◆ TASK INSTRUCTIONS: Given the material below, return only the lines starting at the line with "NKG Crystal|S4" and ending at the line with "France Nice Special", exactly as they appear.

◆ DATA UNDER STUDY:
- - -
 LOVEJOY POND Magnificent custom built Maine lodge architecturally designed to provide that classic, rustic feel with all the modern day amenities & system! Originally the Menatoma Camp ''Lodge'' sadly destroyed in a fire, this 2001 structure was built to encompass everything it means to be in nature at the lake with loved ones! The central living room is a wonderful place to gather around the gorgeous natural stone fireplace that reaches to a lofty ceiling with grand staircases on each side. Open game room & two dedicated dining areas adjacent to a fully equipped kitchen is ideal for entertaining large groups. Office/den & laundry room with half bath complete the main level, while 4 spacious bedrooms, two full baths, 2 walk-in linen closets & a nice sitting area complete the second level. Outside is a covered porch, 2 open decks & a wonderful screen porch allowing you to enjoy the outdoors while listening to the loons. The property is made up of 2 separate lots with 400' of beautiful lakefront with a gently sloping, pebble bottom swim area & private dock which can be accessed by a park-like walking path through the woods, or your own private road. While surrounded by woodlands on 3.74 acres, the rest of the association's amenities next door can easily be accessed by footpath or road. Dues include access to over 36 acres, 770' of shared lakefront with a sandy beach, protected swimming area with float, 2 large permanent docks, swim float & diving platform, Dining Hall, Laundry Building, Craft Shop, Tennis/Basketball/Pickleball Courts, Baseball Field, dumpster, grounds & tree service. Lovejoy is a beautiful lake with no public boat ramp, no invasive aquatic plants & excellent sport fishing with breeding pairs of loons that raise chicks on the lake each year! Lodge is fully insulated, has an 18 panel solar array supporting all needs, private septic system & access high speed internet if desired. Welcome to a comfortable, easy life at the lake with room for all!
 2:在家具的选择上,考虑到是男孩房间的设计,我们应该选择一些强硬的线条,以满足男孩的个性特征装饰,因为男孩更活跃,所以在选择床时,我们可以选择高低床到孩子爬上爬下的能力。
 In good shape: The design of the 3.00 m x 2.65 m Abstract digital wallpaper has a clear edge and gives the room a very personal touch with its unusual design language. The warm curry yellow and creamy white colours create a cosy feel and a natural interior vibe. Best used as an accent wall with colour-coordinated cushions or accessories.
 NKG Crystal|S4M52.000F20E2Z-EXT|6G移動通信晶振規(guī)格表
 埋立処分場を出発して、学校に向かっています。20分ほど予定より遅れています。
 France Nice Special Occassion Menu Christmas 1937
- - -
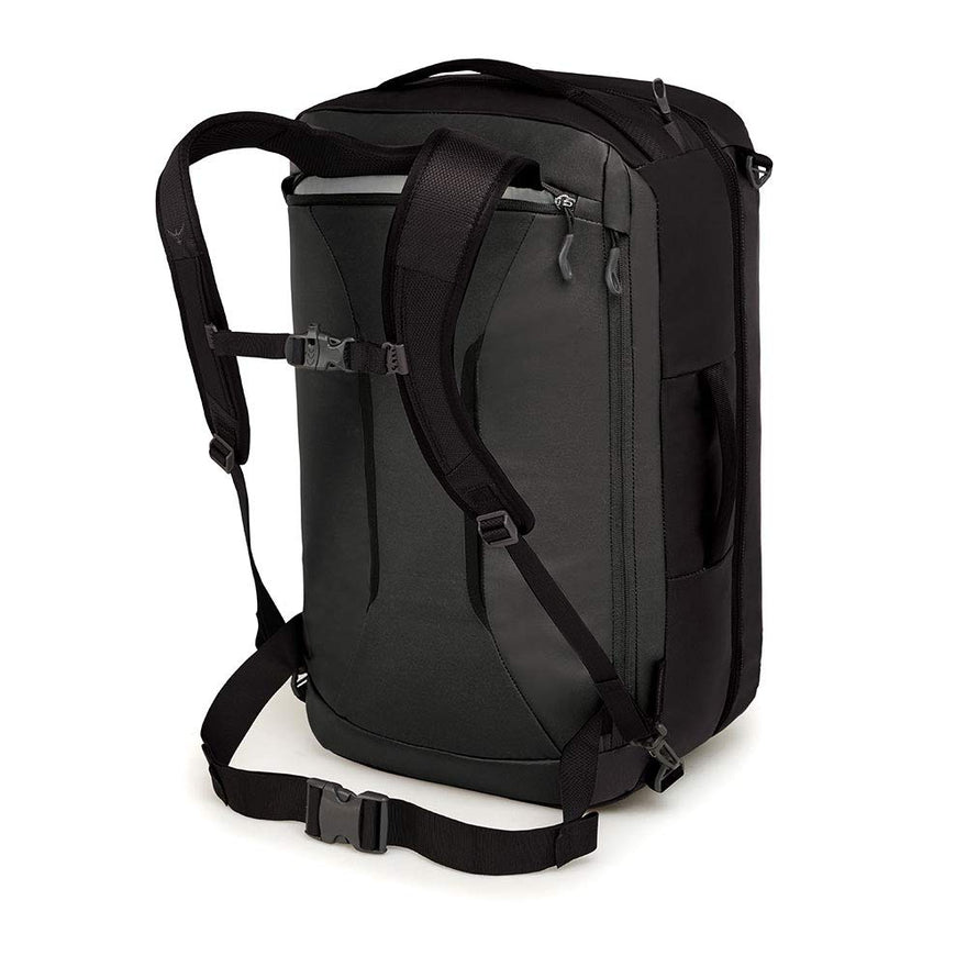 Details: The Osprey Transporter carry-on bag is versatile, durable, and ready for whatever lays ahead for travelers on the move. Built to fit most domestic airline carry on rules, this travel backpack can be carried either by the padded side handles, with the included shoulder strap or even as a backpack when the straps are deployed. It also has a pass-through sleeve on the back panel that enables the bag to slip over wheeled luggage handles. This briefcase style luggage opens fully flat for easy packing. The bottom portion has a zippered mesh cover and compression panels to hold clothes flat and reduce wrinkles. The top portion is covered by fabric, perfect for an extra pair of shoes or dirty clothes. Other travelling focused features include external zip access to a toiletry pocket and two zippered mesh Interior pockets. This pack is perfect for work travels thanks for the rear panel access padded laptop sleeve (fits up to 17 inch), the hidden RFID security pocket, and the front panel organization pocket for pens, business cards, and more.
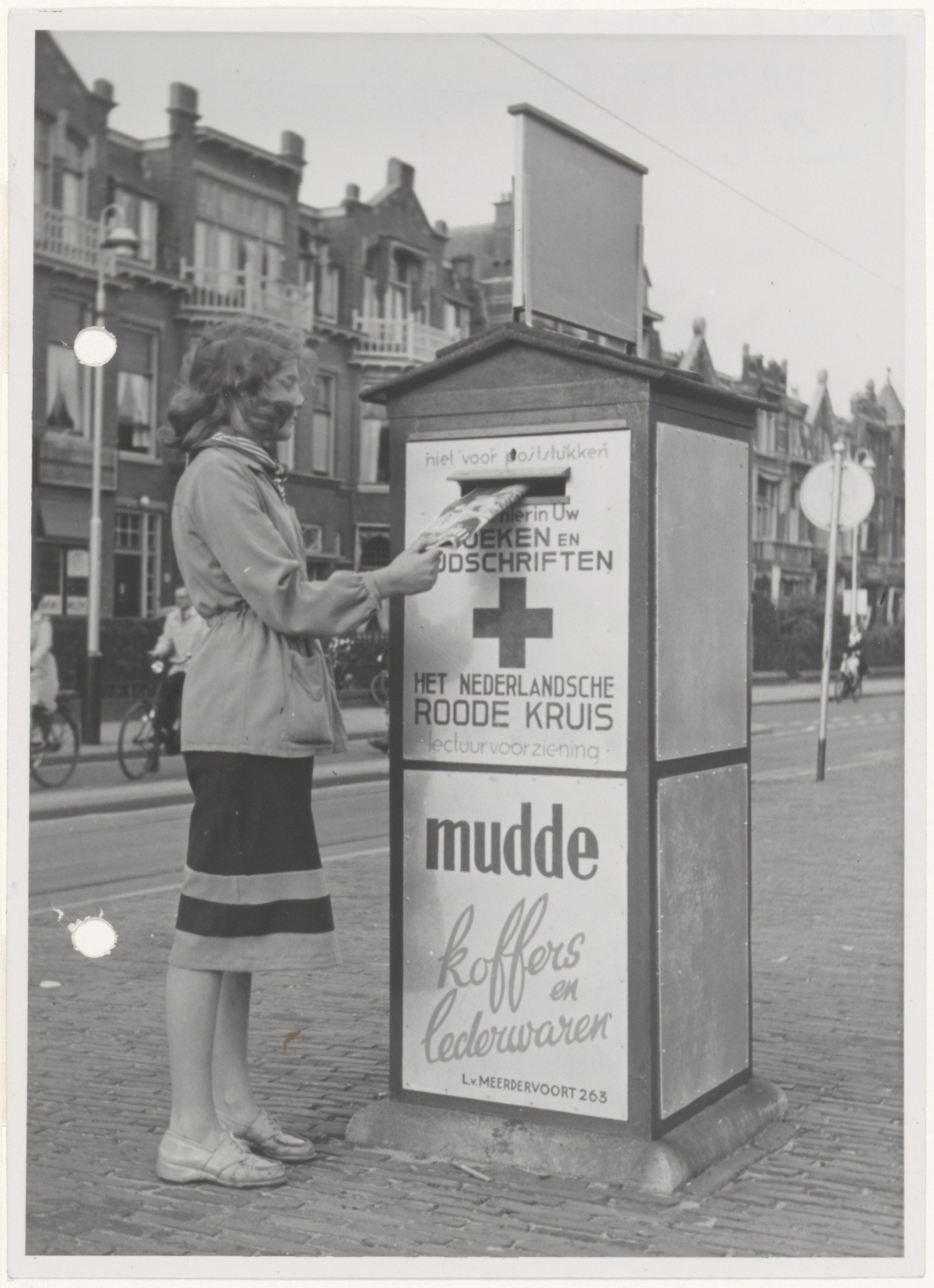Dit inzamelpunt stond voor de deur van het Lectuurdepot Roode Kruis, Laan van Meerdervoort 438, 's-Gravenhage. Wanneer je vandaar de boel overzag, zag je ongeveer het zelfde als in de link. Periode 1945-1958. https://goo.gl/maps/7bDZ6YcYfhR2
- - -
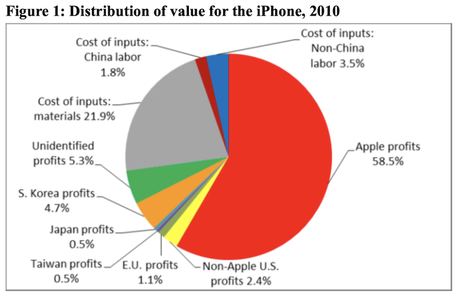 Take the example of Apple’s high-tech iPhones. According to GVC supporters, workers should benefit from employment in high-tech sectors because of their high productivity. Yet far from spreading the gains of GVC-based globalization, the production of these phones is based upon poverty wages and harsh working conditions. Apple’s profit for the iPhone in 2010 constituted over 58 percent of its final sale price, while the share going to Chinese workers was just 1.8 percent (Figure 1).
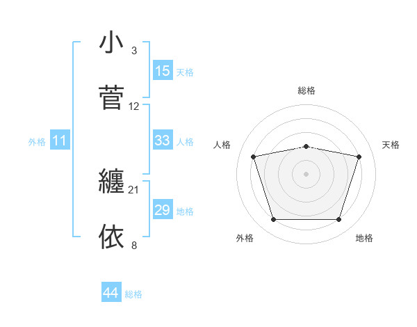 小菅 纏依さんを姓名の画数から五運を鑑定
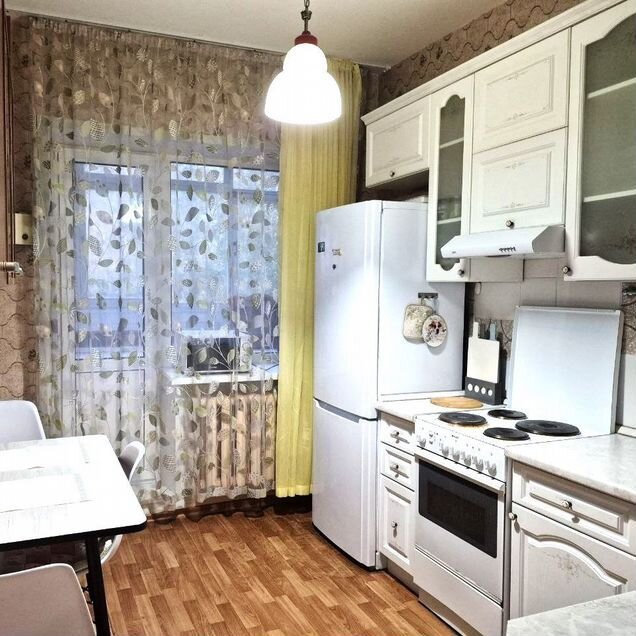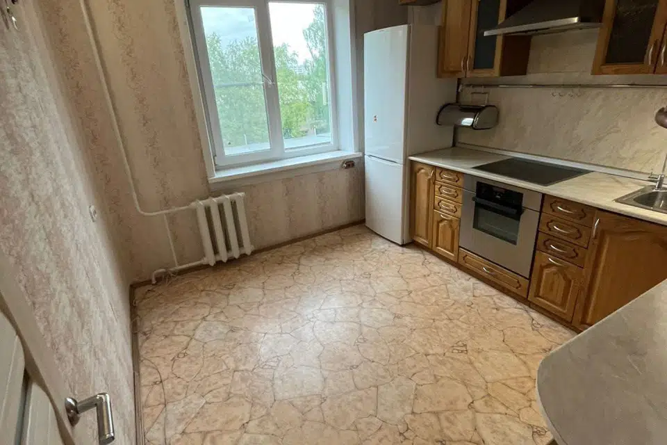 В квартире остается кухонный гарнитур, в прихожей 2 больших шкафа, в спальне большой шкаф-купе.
- - -
◆ SOLUTION TO THIS EXERCISE:
 NKG Crystal|S4M52.000F20E2Z-EXT|6G移動通信晶振規(guī)格表
 埋立処分場を出発して、学校に向かっています。20分ほど予定より遅れています。
 France Nice Special Occassion Menu Christmas 1937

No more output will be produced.